Quando si parla di Emilia Romagna le prime cose che vengono in mente sono i tortellini, la riviera, la piadina e last but not least il lambrusco. Il vino italiano più esportato nel mondo ha una fortissima identità autoctona e simboleggia il legame indissolubile tra un vino, un popolo e la terra in cui essi coesistono, ma al contempo rende alquanto limitata la visione che si ha dell’enologia emiliana.
Provate infatti a cantare una famosa canzone di Ligabue così modificata:
“Pignoletto e popcooooooorn
non è così facile
perché prima e dopo il sogno c’è
la vita da vivere, vivere”
Non suonerà bene ed è palese la forzatura metrica, ma soprattutto non renderà mai l’idea di Emilia Romagna che il Luciano di Correggio voleva dare cantando il lambrusco.
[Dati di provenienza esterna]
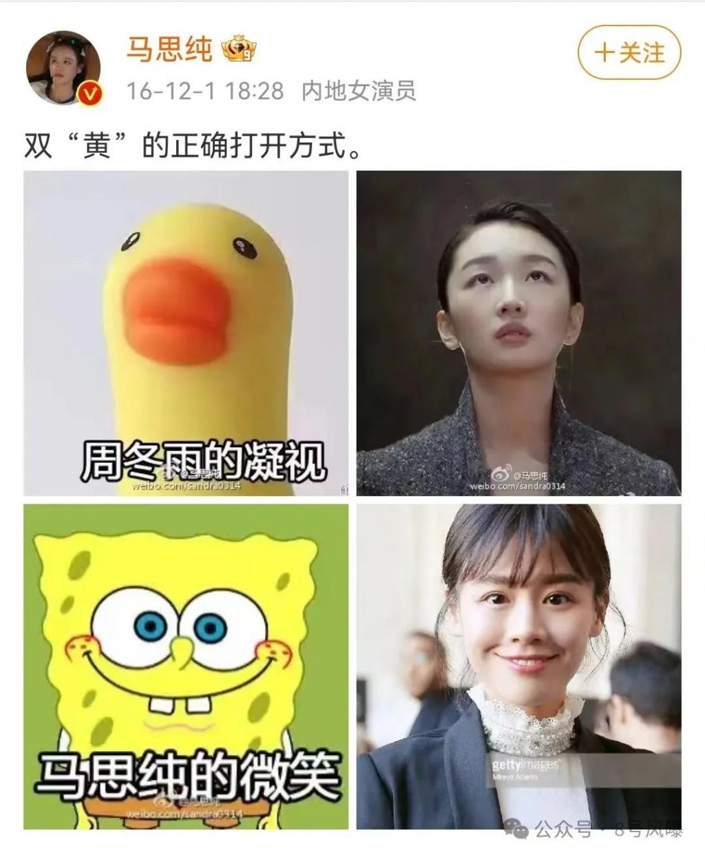 因为马思纯笑起来像海绵宝宝,周冬雨像小黄鸭,于是粉丝给她俩取了个 CP 名叫 " 绵鸭 "。

Fortunatamente l’ER vanta un carnet ampelografico di tutto rispetto: con l’albana e il sangiovese di Romagna si producono vini premiati in Italia e oltralpe. Sul centesimino consiglio a chi non lo conosce di provarlo quanto prima: sarà una piacevolissima sorpresa. Il pagadebit (bombino bianco) ha un nome simpatico che fa sorridere ma è anche un nome che racchiude la sua storia contadina.
Il pignoletto è un’uva emiliana tra le più sottovalutate dello stivale ma vi posso assicurare che non ha nulla da invidiare ad altre e più blasonate uve bianche italiane. Forse il suo nome “vezzeggiativo” susciterà nel consumatore l’errata idea di trovarsi di fronte a un vinello, un po’ come il verduzzo e il bianchello per intenderci, ma il valore del pignoletto non si discute: è un’uva completa, vinificata in purezza senza necessariamente il bisogno di uve complementari.
Ne sanno qualcosa Fabio Bottonelli e Donatella Agostoni, conduttori dell’azienda Manaresi in quel di Zola Predosa (BO); Donatella è nipote dell’artista Paolo Manaresi a cui l’azienda è dedicata.
Oltre che sul sauvignon e merlot Fabio e Donatella hanno deciso di puntare sul pignoletto, dalla cui vigna ottiene un bianco frizzante, riservando invece pochi filari al fermo. Un cru nel cru.
Naso agrumato e vegetale.
Sorso rotondo, pieno e appagante di polpa gialla.
PAI che non troverete tanto facilmente nei bianchi.
Mineralità pungente che resetta ogni precedente sorso.
Ultima nota sull’etichetta che è in pratica una cornice bianca, vuota al centro.
L’opera è il vino, il vino è arte. Lo zio Paolo da lassù avrà di certo apprezzato.